12.4. The customer is solely responsible for evaluating whether the Product is appropriate for its intended use cases and for implementing its own review, verification, escalation, and human-in-the-loop procedures.
13. Liability
13.1. The scope of liability between Farsight Vision and a customer using the Product under a Separate Agreement shall be governed exclusively by that Separate Agreement.
13.2. To the maximum extent permitted by law, Farsight Vision shall not be liable in connection with mere browsing of the Website for any indirect, incidental, special, punitive, exemplary, or consequential damages, or for any loss of profits, revenues, business opportunities, goodwill, anticipated savings, or data.
13.3. Nothing in these Terms excludes or limits liability to the extent such exclusion or limitation is prohibited by applicable law.
14. Applicable Law and Dispute Resolution
14.1. For customers or users accessing the Product under a Separate Agreement, the governing law, jurisdiction, venue, and dispute resolution mechanism shall be exclusively as set out in that Separate Agreement.
14.2. These Terms shall not be interpreted as overriding any governing law, forum, arbitration, or dispute resolution clause contained in a Separate Agreement.
15. Export Control and Sanctions
15.1. The customer and all users shall comply with all applicable export control, sanctions, import, re-export, end-use, and end-user restrictions applicable to the Website, Product, related software, technical data, and any outputs.
15.2. The customer shall not access, use, transfer, export, re-export, sublicense, disclose, or otherwise make available the Product or related technical information in violation of applicable export control or sanctions laws or contrary to any contractual restriction imposed by Farsight Vision.
16. Miscellaneous
16.1. No failure or delay by Farsight Vision in exercising any right shall operate as a waiver.
16.2. If any provision of these Terms is held invalid or unenforceable, the remaining provisions shall remain in full force and effect.
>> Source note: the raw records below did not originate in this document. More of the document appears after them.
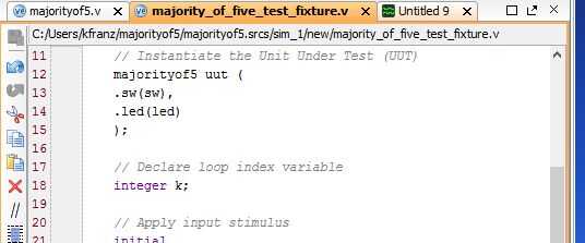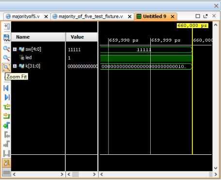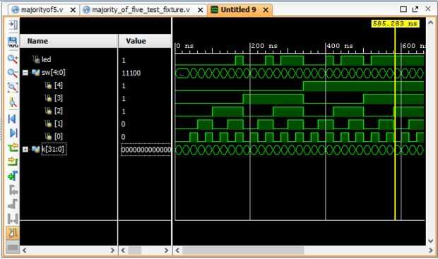 Aviso que es bien alta en cualquier momento tres interruptores o más son altos. Ahora ha ejecutado con éxito una simulación Verilog para la mayoría de los cinco!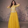 Aroma designer Indo Western gown in vibrant yellow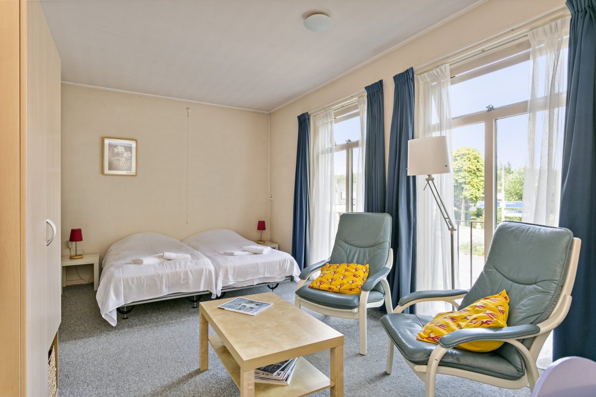 Vanaf de gang zijn de vluchttrap aan de achterzijde en de berging/linnenkamer te bereiken. Conform de afgegeven gebruiksvergunning zijn er voldoende vluchtwegen, blusmiddelen, noodverlichting, en deuren met panieksluiting aanwezig.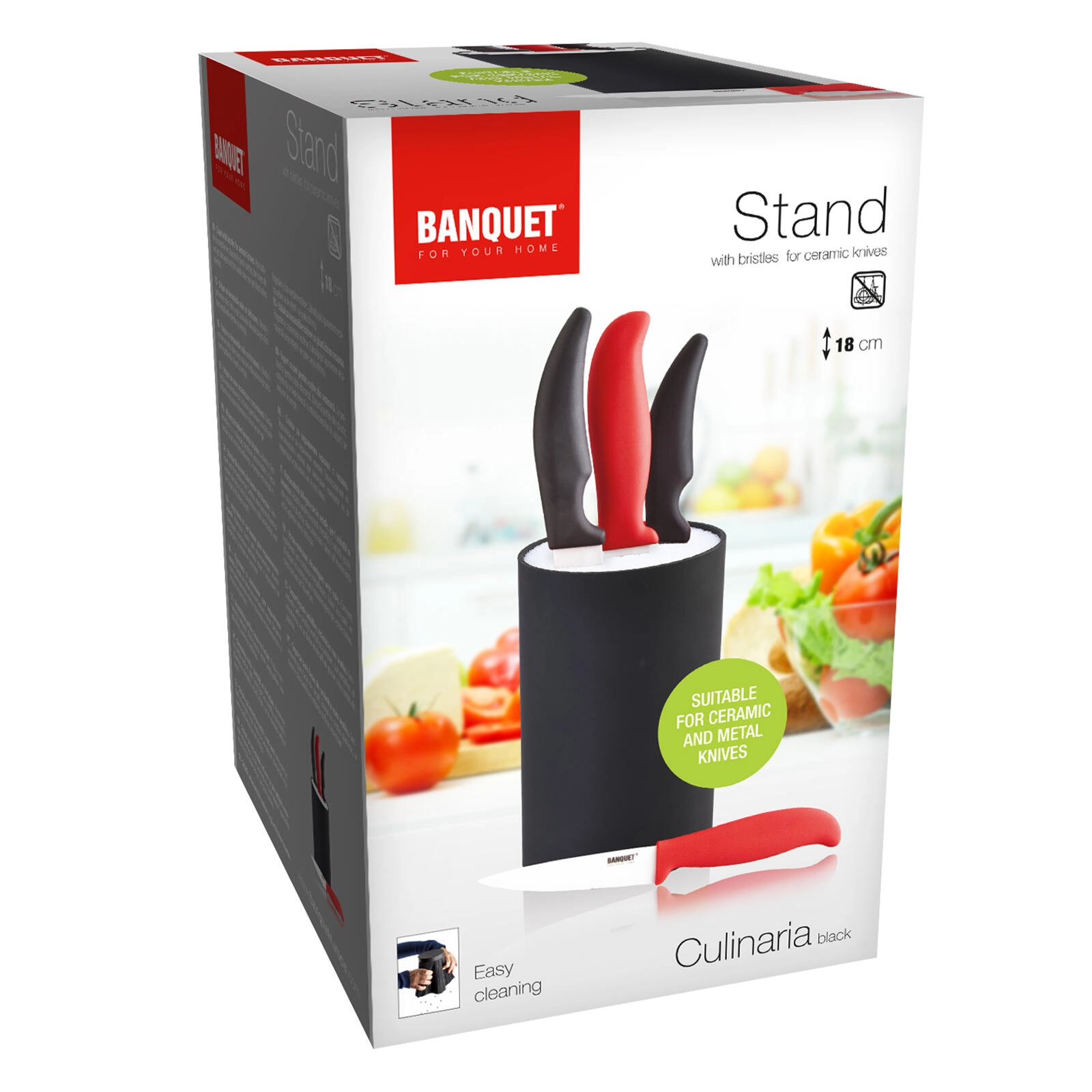 Elegancki stojak na noże CULINARIA Black sprawi, że Twoje noże kuchenne i ceramiczne będą zawsze pod ręką i bezpiecznie przechowywane. Ma kompaktowe wymiary, średnicę 11 cm i wysokość 18 cm, oraz wyjmowaną plastikową wkładkę ze szczecinami dla delikatnego wsuwania ostrzy. Wytrzymałe wykonanie z polipropylenu i uniwersalny czarny kolor pasują do każdej kuchni.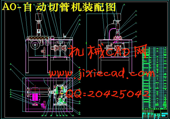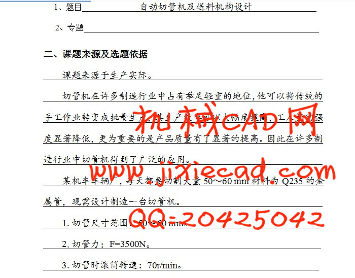 Automatic cutting machine mainly being used in processing various functional tube parts ,primarily includes varieties material`s metals tube parts . This time the designed automatic cutting machine and conveying mechanism essentially process the tube parts which diameter between 60~70mm.The task of this time designed automatic cutting machine and conveying mechanism , automatic pipe cutting and feeding mechanism to achieve automatic processing of metal pipe fitting objective. The main work is the automatic pipe cutting bevel gear machine reducer, pipe cutting machine roller, frame and the automatic feeding programme of work organization design. Among them, pipe cutting machine working principle is: the motor through driving V, bevel gear reducer, gear transmission to a pair of roller, and then drive the metal tube rotary, obtain the main movement during cutting. At the same time, move down the disc blade, cutting the pipe. Including the determination of design and calculation formulation, transmission pipe cutting machine design scheme (including the choice of motor, the proposed transmission scheme, the shaft speed, power and torque calculation of the transmission mechanism, design and calculation.).According to the already experienced--formula,the mutual dimension among each components being fixed .Finally ,draw the assemble chart; components chart as well as portion spare parts chart.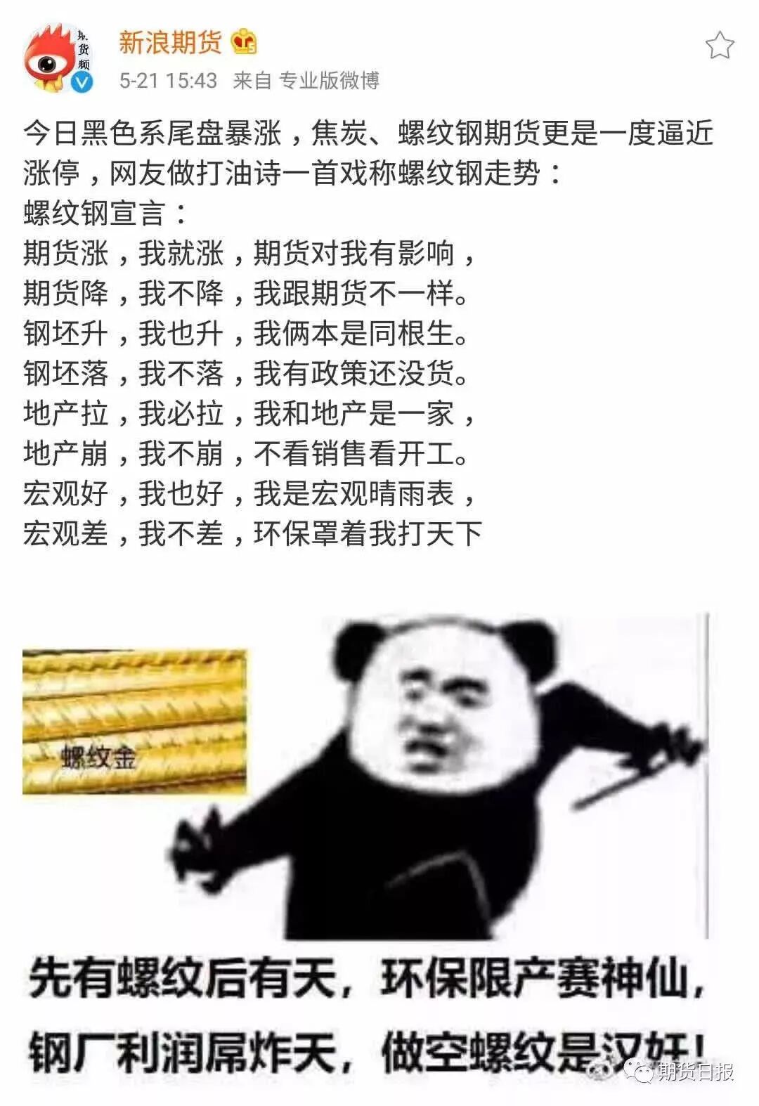 昨日,黑色系霸屏,焦炭(2305, 85.00, 3.83%)、螺纹钢(3891, 46.00,1.20%)期货更是一度逼近涨停。有网友作了一首打油诗形容螺纹钢的走势:

16.3. The customer may not assign or transfer any rights or obligations under these Terms except as expressly permitted by a Separate Agreement or with Farsight Vision’s prior written consent.
16.4. Farsight Vision may update these Terms from time to time. Updated Terms will become effective upon publication on the Website or as otherwise notified, provided that no such update shall amend or override any Separate Agreement unless expressly agreed in writing by the parties.
16.5. These Terms do not create any agency, partnership, fiduciary, joint venture, employment, or similar relationship between the parties.